= Farmout agreement =

Agreement in the oil and gas industry

In the oil and gas industry, a farmout agreement is an agreement entered into by the owner of one or more mineral leases, called the "farmor", and another company who wishes to obtain a percentage of ownership of that lease or leases in exchange for providing services, called the "farmee." The typical service described in farmout agreements is the drilling of one or more oil and/or gas wells. A farmout agreement differs from a conventional transaction between two oil and gas lessees, because the primary consideration is the rendering of services, rather than the simple exchange of money.

Farmout agreements typically provide that the farmor will assign the defined quantum of interest in the lease(s) to the farmee upon the farmee finishing: (1) the drilling of an oil and/or gas well to the defined depth or formation, or (2) drilling of an oil and/or gas well and the obtaining of commercially viable production levels.
Farmout Agreements are the second most commonly negotiated agreements in the oil and gas industry, behind the oil and gas lease.
For the farmor, the reasons for entering into a farmout agreement include obtaining production, sharing risk, and obtaining geological information.

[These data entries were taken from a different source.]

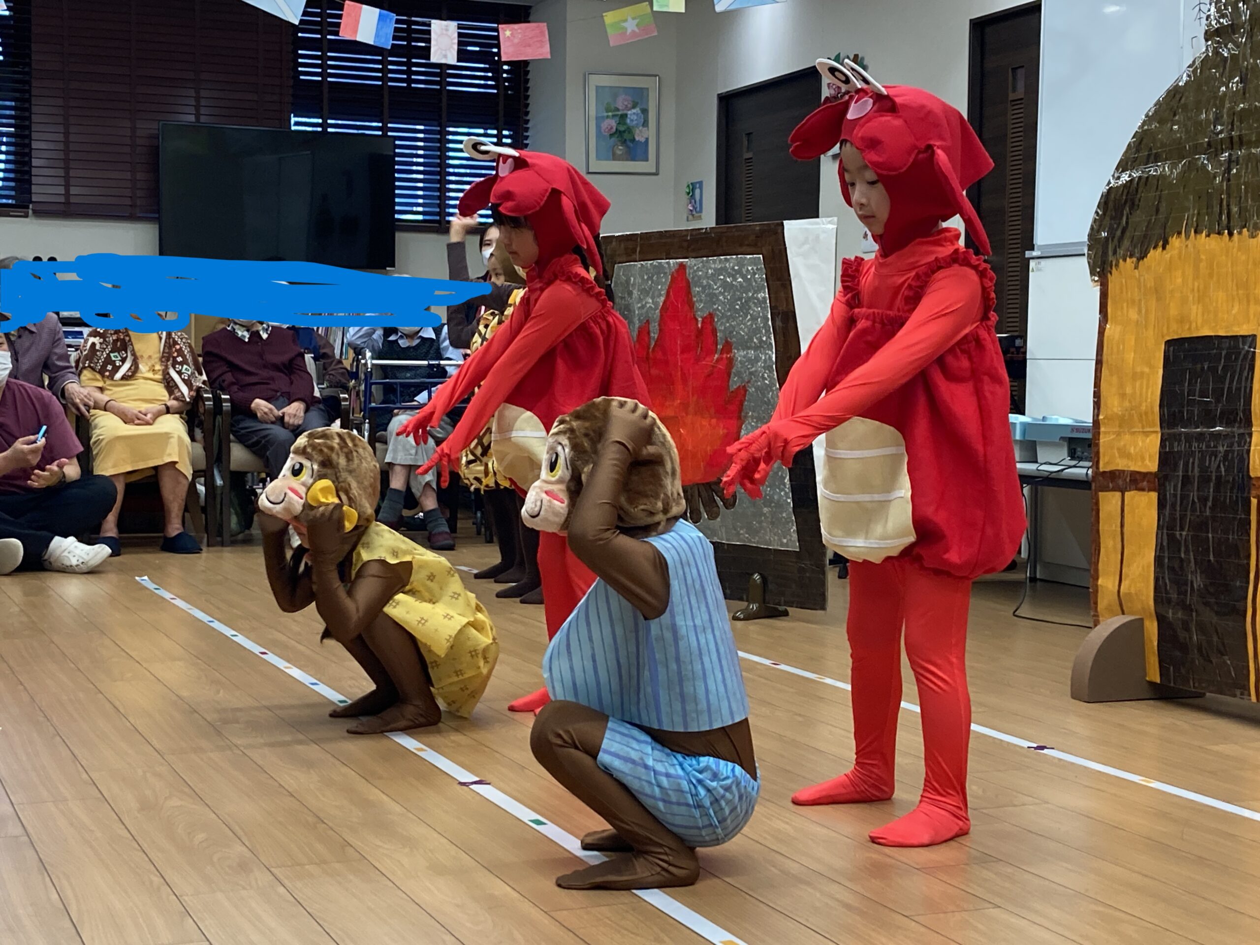 劇は、「さるかに話」衣装姿に演技に笑いがこぼれてまし
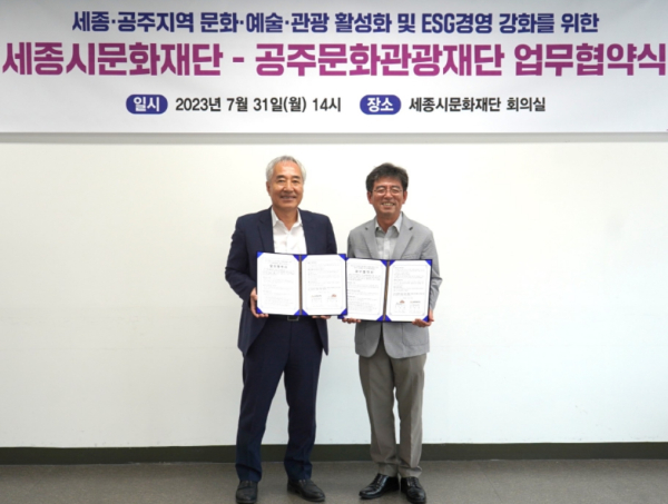세종시문화재단에서 진행된 이번 협약식에서 김종률 세종시문화재단 대표이사와 이준원 공주문화관광재단 대표이사는 세종시와 공주시의 문화·예술·관광 활성화와 ESG 경영을 위해 상호 협력하기로 했다.
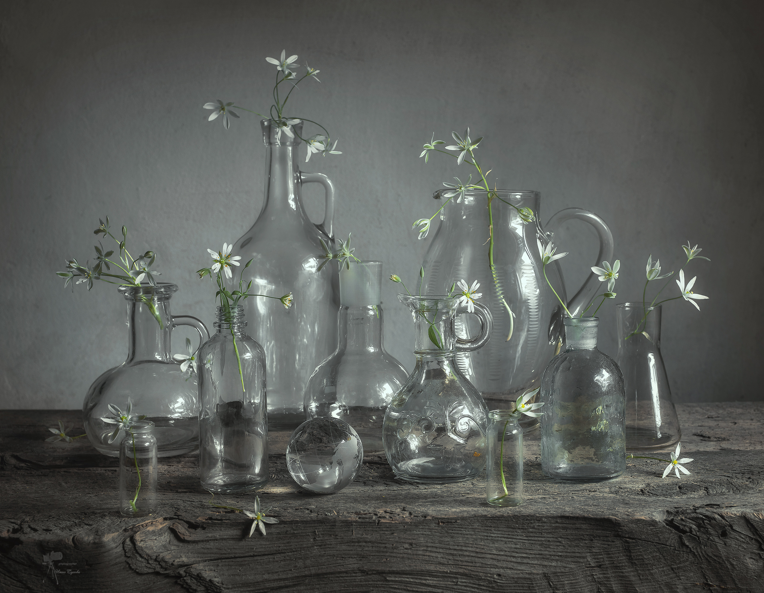 Снимок выполнен в спокойной, сдержанной цветовой гамме — серые, бежевые и прозрачные оттенки стекла создают ощущение легкости и чистоты. Композиция уравновешена: разнообразные формы бутылей и стеклянной посуды, вставленные в них нежные белые цветы, образуют естественную и гармоничную группировку. Освещение мягкое, с акцентом на текстуру стекла и древесины — это подчеркивает материал и придает снимку глубину.
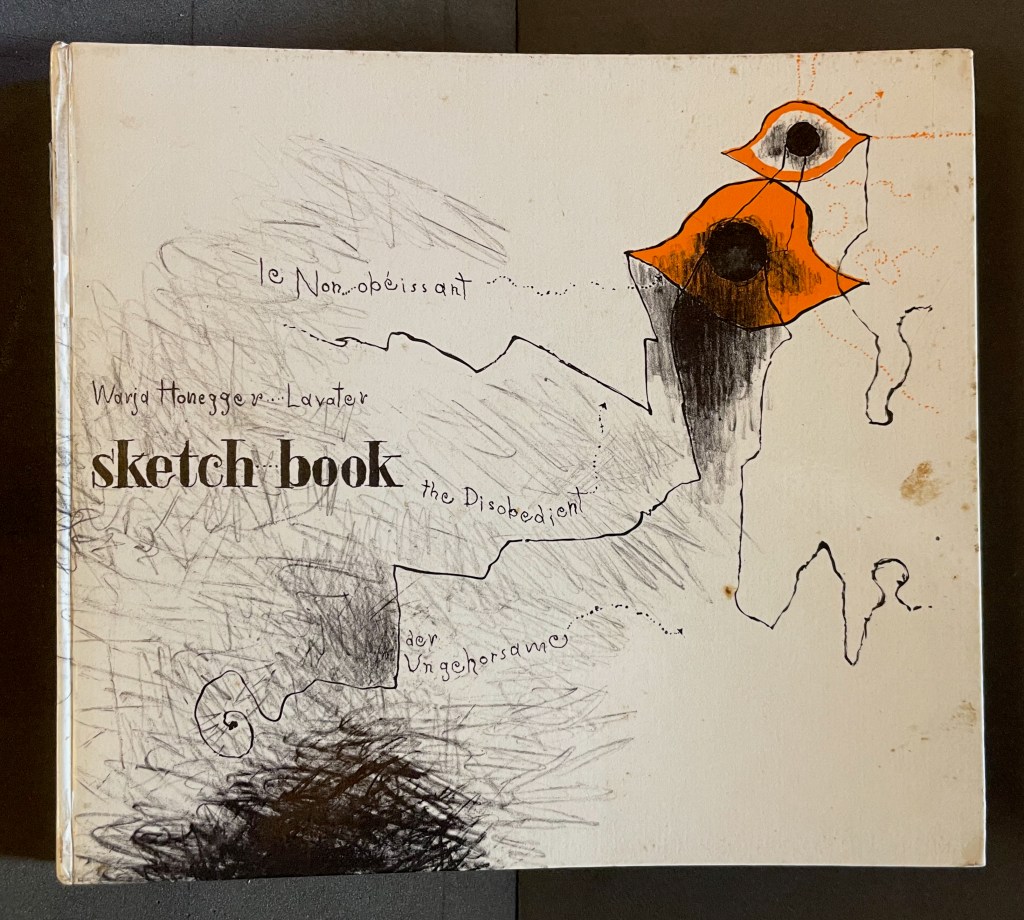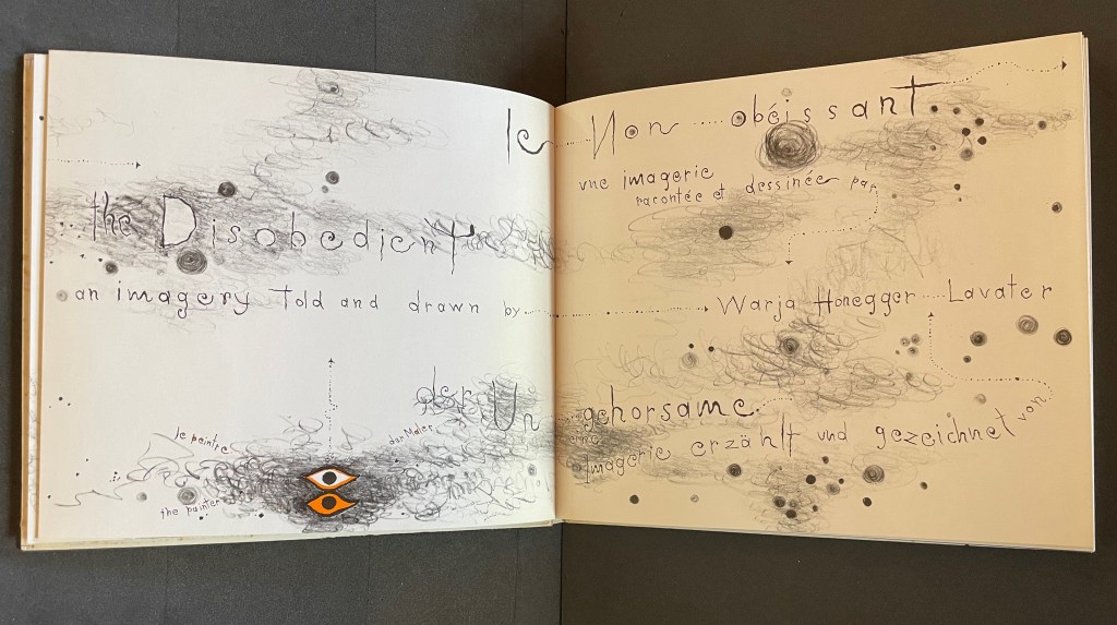 The scrawling runs over the fold of the folio and across a double-page spread to become the multilingual title page. Or rather the “subtitle becomes title page”. Look again at the cover. Wasn’t the title Sketchbook? Now it is Le Non-obéissant | The Disobedient | Der Ungehorsam, and it has acquired a new subtitle, and a strange one at that: Une Imagerie Racontée et dessinée par … |An Imagery Told and Drawn by … | Eine Imagerie Erzählt und Gezeichnet von Warja Lavater.

Farmees often enter into farmout agreements to obtain an acreage position, or because they need to use underutilized personnel or share risks, or because they desire to obtain geological information.

A farmout agreement differs from its sister agreement, the purchase and sale agreement (PSA), in that the PSA addresses an exchange of money or debt for immediate transfer of assets, whereas the farmout agreement addresses an exchange of services for a transfer of assets. Further, the transfer often occurs on a later date, such as the date when the 'earning barrier' has been met.